The New Best Practices for Password Security
Here’s the part that surprises most people: the cybersecurity world has largely admitted that it got the old password model wrong.
Major organizations have completely rewritten their guidance because the research is clear: forcing people into complexity rules and constant resets doesn’t make systems safer.3 It mostly just annoys everyone.
The biggest shift came from the National Institute of Standards and Technology, a U.S. government agency that sets baseline rules for modern authentication standards that are followed by other government agencies and contractors.
In 2017, NIST updated their guidance to explicitly recommend against routine password expiration and special character requirements.4
Instead, they tell organizations to let people use long, memorable passphrases, like “banana window river cotton.” These are easier to recall and much harder for attackers to crack.
NIST also recommends screening new passwords against breach databases. If attackers already have it, IT systems shouldn’t allow it.
This one change does more for security than decades of adding “!” to the end of passwords has ever done. Pair these policies with multi-factor authentication and you have the most effective cyber defense available.
Why Institutions Haven’t Caught Up
If cybersecurity experts have moved on, why are so many workplaces still stuck with password rules from when George W. Bush was president?

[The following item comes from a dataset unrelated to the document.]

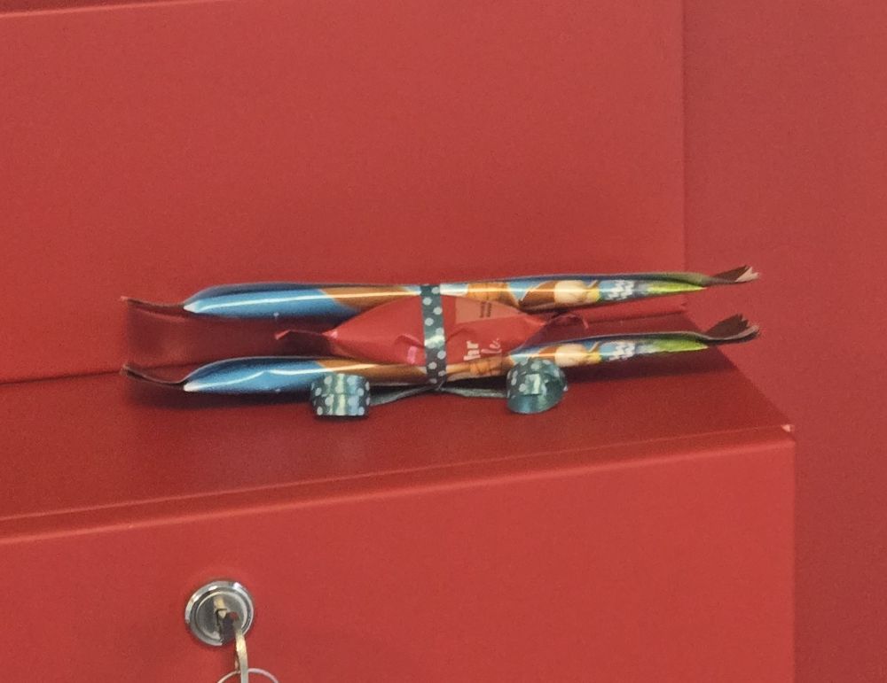 ein paar Süßigkeiten im Gerätehaus versteckt.

In addition to institutional momentum, old policies persist largely because leaders worry that “loosening” password rules will look like decreasing security, and IT teams hesitate to challenge longstanding standards because, if something goes wrong, nobody wants to be the person that “weakened” protection.
Some auditors and regulatory agencies also still favor expiration despite the evidence, ironically making the entities they oversee less secure. So the outdated policies remain in effect, not because they work, but because they’re familiar.

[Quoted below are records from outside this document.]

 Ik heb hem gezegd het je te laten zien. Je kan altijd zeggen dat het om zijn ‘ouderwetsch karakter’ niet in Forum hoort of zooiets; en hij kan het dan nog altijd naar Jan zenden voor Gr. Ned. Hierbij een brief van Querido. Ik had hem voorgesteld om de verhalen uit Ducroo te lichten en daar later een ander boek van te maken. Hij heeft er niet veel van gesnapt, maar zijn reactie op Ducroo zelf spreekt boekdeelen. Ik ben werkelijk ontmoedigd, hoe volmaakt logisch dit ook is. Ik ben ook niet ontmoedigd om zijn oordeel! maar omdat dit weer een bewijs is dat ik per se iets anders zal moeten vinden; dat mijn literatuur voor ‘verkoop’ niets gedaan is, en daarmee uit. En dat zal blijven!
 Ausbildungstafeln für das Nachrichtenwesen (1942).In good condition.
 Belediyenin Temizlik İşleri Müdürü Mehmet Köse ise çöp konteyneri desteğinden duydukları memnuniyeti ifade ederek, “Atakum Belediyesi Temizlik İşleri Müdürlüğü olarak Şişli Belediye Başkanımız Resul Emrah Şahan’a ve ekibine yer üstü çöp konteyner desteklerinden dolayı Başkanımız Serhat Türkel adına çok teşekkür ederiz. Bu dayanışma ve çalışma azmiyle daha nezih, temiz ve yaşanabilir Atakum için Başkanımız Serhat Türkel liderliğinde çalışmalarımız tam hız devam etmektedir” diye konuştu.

However, even if the institutions around us move slowly, regular people don’t have to stay stuck. You can do a few things to make your accounts more secure, even in environments with outdated rules:
Switch to passphrases where possible.
Use a password manager to safely store unique passwords for all of your accounts. Some will even alert you if your passwords or email address turn up in a leak.
Turn on multi-factor authentication on every account.
You could even try forwarding this article to your IT department, but I can’t guarantee they’ll take it to heart (for what it’s worth, I’m not just a random guy on the internet… I’m a random guy on the internet with a CompTIA Security+ cybersecurity certification5).
Ultimately, if we want real security, we have to design systems around human behavior, not against it. There’s no need to change a password that hasn’t been compromised in a breach, and requiring us to do so makes it harder for everyone and, ultimately, easier to undermine.